Опросы потребительской уверенности свидетельствуют о необычно пессимистичном восприятии экономики как в США, так и в других странах (см. график 2).

Геополитические консалтинговые компании процветают, а банки Уолл-стрит тратят немалые средства на аналитиков, которые рассуждают о ситуации в Донбассе или возможном вторжении Китая на Тайвань.
И всё же в некотором смысле это повторение 1940 года. Несмотря на хаос, мировая экономика продолжает расти. С 2011 года рост ВВП составляет около 3% в год. Во время кризиса еврозоны в 2012 году? Всё те же 3%. А в 2016 году, когда Британия проголосовала за Brexit, а США — за Дональда Трампа? Также 3%. Исключением стали 2020–2021 годы, время пандемии. Тогда, когда правительства ввели локдауны, многие опасались спада, сопоставимого с Великой депрессией. Однако в следующие два года мировая экономика продемонстрировала рост ВВП на уровне 2% в год: один год — спад, затем мощное восстановление.
Мировая экономика демонстрирует удивительную устойчивость к шокам — и даже наращивает её. Цепочки поставок, которых долго считали слабым звеном, оказались куда более надёжными, чем предполагалось. Более разнообразные источники энергии и снижение зависимости от ископаемого топлива смягчили последствия колебаний цен на нефть. А по всему миру улучшилось экономическое управление. Согласно общепринятому мнению, период «великой умеренности», период устойчивого роста и предсказуемой политики, длился с конца 1980-х годов до мирового финансового кризиса 2007–2009 годов. Но, возможно, оно не умерло вместе с крахом Lehman Brothers.
Согласно данным МВФ, в этом году лишь 5% стран находятся на пути к рецессии — это самый низкий показатель с 2007 года. Уровень безработицы в странах ОЭСР составляет менее 5% и близок к рекордно низкому. В первом квартале 2025 года мировые корпоративные прибыли выросли на 7% по сравнению с тем же периодом прошлого года. Рынки развивающихся стран, которые раньше страдали от утечек капитала в периоды нестабильности, теперь избегают валютных и долговых кризисов (см. график 3). Потребители по всему миру, несмотря на заявленный пессимизм, активно тратят деньги. По большинству показателей с экономикой всё в порядке.

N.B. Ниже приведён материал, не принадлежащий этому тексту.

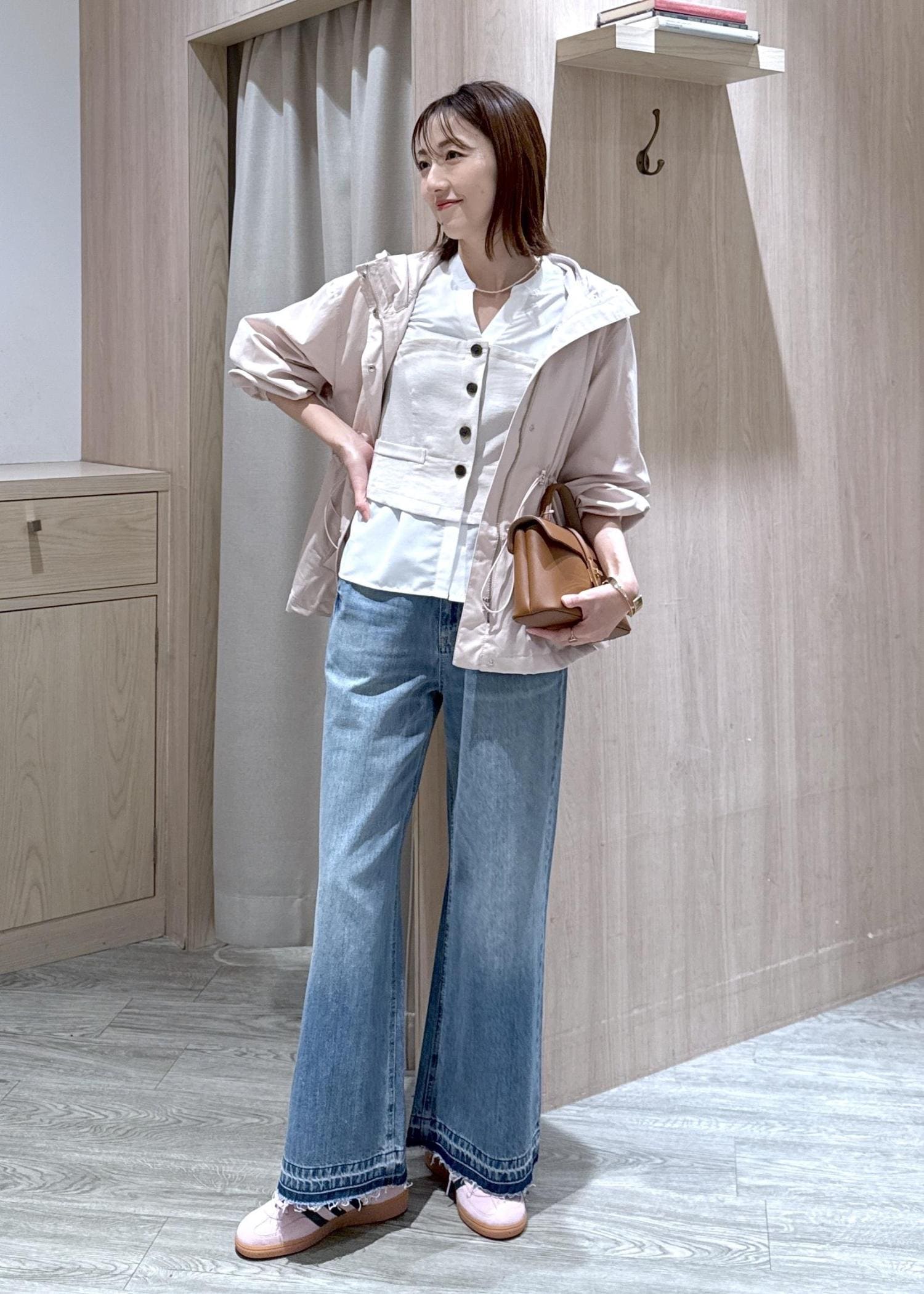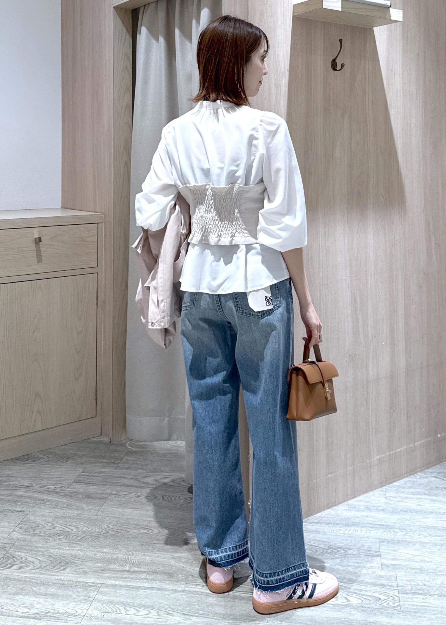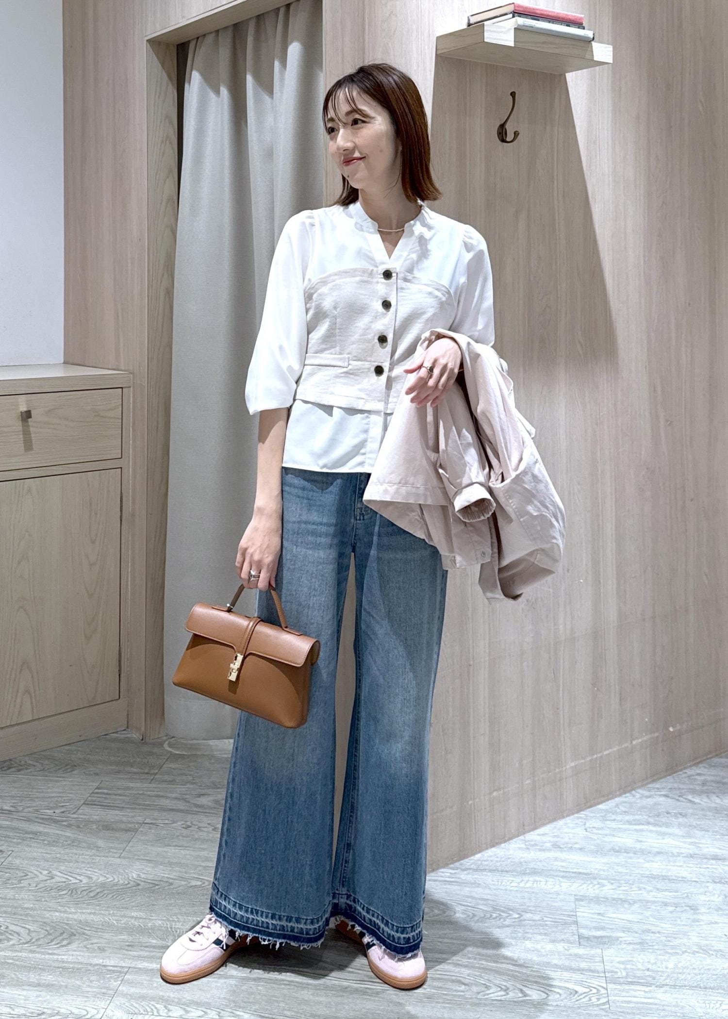 カジュアルになり過ぎないようにインナーをブラウスにしました♪

Неудивительно, что инвесторы полны оптимизма. За последние 15 лет, на фоне нарастающего поли-кризиса, американские акции уверенно шли вверх. Более половины фондовых рынков развитых стран находятся менее чем в 5% от своих исторических максимумов. Индекс волатильности VIX — так называемый «индекс страха» Уолл-стрит — сейчас ниже своего среднего значения. Рынки кратковременно просели в апреле, когда Трамп объявил о введении тарифов в «День освобождения», но быстро восстановились. Многие инвесторы теперь живут по простому принципу: «Покупай на спаде».
Инвесторы даже не слишком беспокоятся по поводу компаний, наиболее уязвимых к геополитическим рискам. Американские фирмы, чувствительные к тарифам — например, производители спортивных товаров — лишь слегка отстают от остального рынка. Когда Владимир Путин начал войну в 2022 году, украинский фондовый рынок обрушился. Однако с тех пор он восстановился и только в этом году вырос на четверть. Нигде контраст между аналитиками и рынками не так разителен, как в случае с Тайванем. Goldman Sachs составляет два индекса «риска через пролив». Газетный индекс показывает, что ситуация крайне опасна. А индекс на основе рыночных данных — едва ли реагирует (см. график 4). Либо инвесторы наивны, либо — как в 1940 году — они обладают более точным пониманием возможного развития конфликта.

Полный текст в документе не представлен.